Graeme McRae · April 30, 2013 at 10:25 am

Now, let’s see a similar 3-dimensional proof that 1/8 + 3/16 + 6/32 + 10/64 + 15/128 + … = 1

    MrHonner · April 30, 2013 at 11:24 am

    I will leave that as an exercise for the reader.
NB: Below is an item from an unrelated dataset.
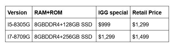 Beide bieten also eine Kaby-Lake-G-CPU mit Huckepack-GPU der Radeon RX Vega M-Familie und 8 GB RAM an Bord. Zur Auswahl stehen der Core i5-8305G sowie der Core i7-8709G, ersterer mit 128 GB SSD, letzterer mit 256 GB SSD. Die Indiegogo-Preise sind natürlich wieder niedriger als die geplanten offiziellen Listenpreise, wer vorab sein Interesse bekundet, wird zudem über den Start der Kampagne und Super Early Bird-Angebote informiert, die auf die ersten 200 Unterstützer limitiert sind.
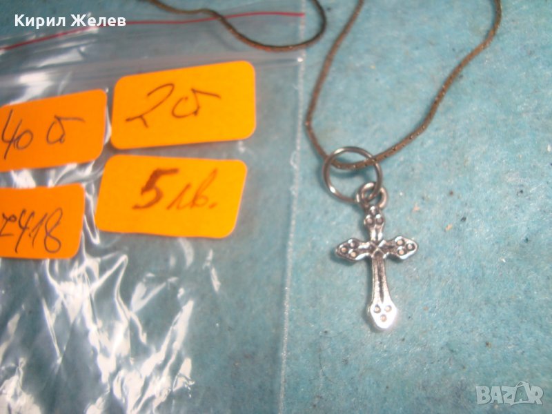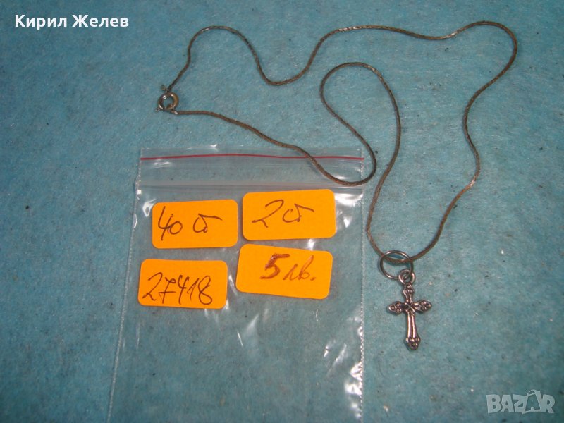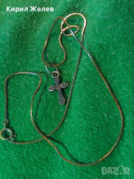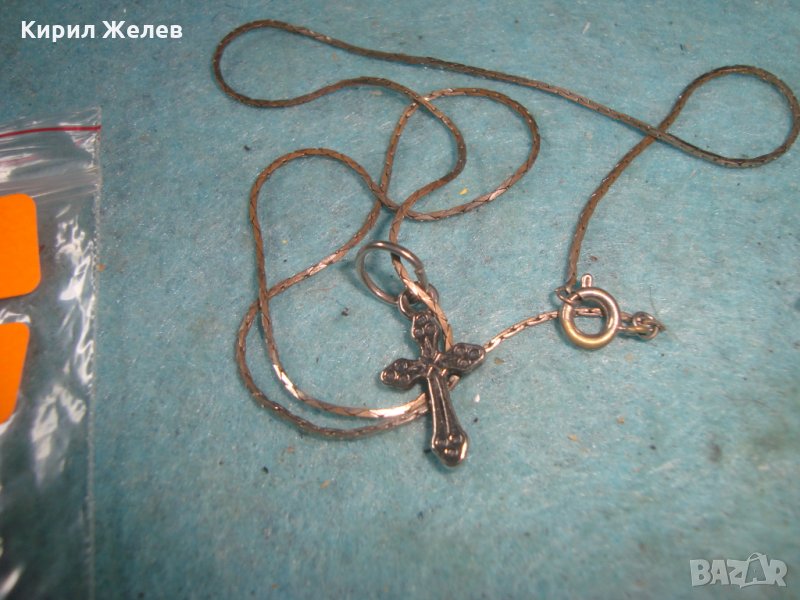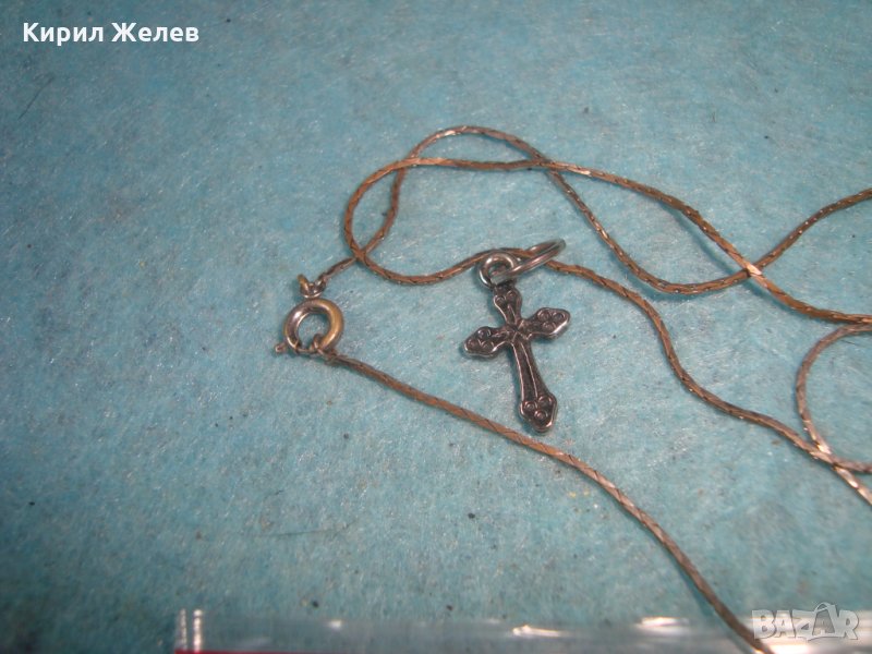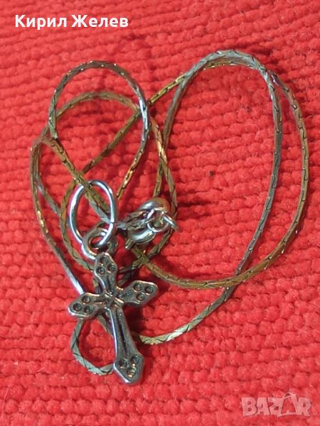 СТАРО СЕБРИСТО АРТ ОРНАМЕНТИРАНО КРЪСТЧЕ с ПОСРЕБРЕНА БРОНЗОВА СТАРА ВЕРИЖКА 27418

    Mike Lawler · May 2, 2013 at 6:42 pm

    Here’s two attempts at the 3d visual proof that 1/8 + 3/16 + 6/32 + 10/64 + . . . = 1 using Lego Digital Design. It was neat to see the cube coming together while building this. The first video is the first three terms, and the 2nd is the first 5.

    https://www.youtube.com/watch?v=F0nvNtuKQBA

Graeme McRae · May 2, 2013 at 7:04 pm

I love it!

Nat Silver · May 10, 2013 at 8:30 pm

JIm Loy sums the series on his website, using partitions:
http://www.jimloy.com/algebra/aseries.htm A standard approach would be
S = (1/4)(1+2x+3x^2+4x^3+…) where x = 1/2.
S = (1/4)(d/dx(x+x^2+x^3+…))
= (1/4)(d/dx(x/(1-x)))
= (1/4)(1/(1-x)^2) where x = 1/2,
as I’m sure you are aware.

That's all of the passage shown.